[EXERCISE AIM]
Below is a listing with pictures. Repeat exactly the lines starting at the one holding "福彩026期3d真精华布衣+布衣早报(转载)" and going on through the one holding "Рукоятка Felo предназначена", and leave every picture out.

[DATASET EXTRACT]
==*==

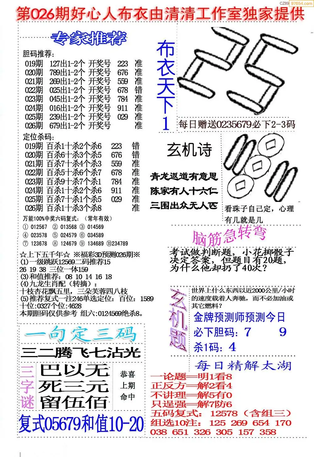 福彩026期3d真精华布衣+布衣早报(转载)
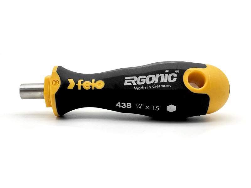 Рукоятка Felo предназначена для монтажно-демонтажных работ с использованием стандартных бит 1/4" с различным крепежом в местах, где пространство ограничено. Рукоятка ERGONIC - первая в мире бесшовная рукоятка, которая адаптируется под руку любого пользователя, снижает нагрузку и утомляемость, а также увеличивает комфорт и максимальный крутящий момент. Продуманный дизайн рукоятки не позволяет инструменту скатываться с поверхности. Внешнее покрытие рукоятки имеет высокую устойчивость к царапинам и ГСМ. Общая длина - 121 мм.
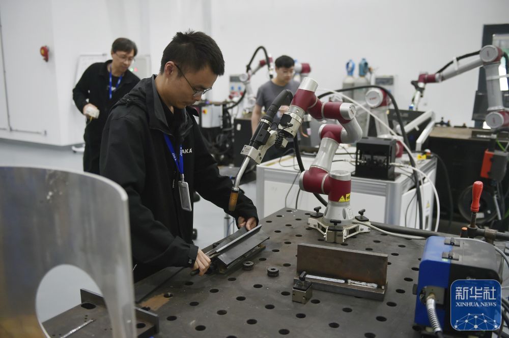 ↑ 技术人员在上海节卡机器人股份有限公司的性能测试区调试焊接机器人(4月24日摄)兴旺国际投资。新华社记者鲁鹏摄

==*==

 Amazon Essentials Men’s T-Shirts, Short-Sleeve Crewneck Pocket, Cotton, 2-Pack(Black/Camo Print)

==*==

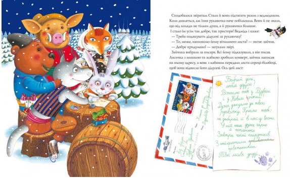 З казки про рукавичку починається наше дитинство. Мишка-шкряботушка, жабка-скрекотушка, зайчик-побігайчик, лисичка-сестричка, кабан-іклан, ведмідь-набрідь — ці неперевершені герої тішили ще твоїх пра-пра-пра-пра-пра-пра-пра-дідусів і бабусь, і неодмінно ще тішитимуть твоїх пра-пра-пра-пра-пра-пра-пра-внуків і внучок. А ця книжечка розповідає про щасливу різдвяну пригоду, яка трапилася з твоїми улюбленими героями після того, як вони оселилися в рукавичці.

==*==

[WRITTEN SOLUTION]
 福彩026期3d真精华布衣+布衣早报(转载)
 Рукоятка Felo предназначена для монтажно-демонтажных работ с использованием стандартных бит 1/4" с различным крепежом в местах, где пространство ограничено. Рукоятка ERGONIC - первая в мире бесшовная рукоятка, которая адаптируется под руку любого пользователя, снижает нагрузку и утомляемость, а также увеличивает комфорт и максимальный крутящий момент. Продуманный дизайн рукоятки не позволяет инструменту скатываться с поверхности. Внешнее покрытие рукоятки имеет высокую устойчивость к царапинам и ГСМ. Общая длина - 121 мм.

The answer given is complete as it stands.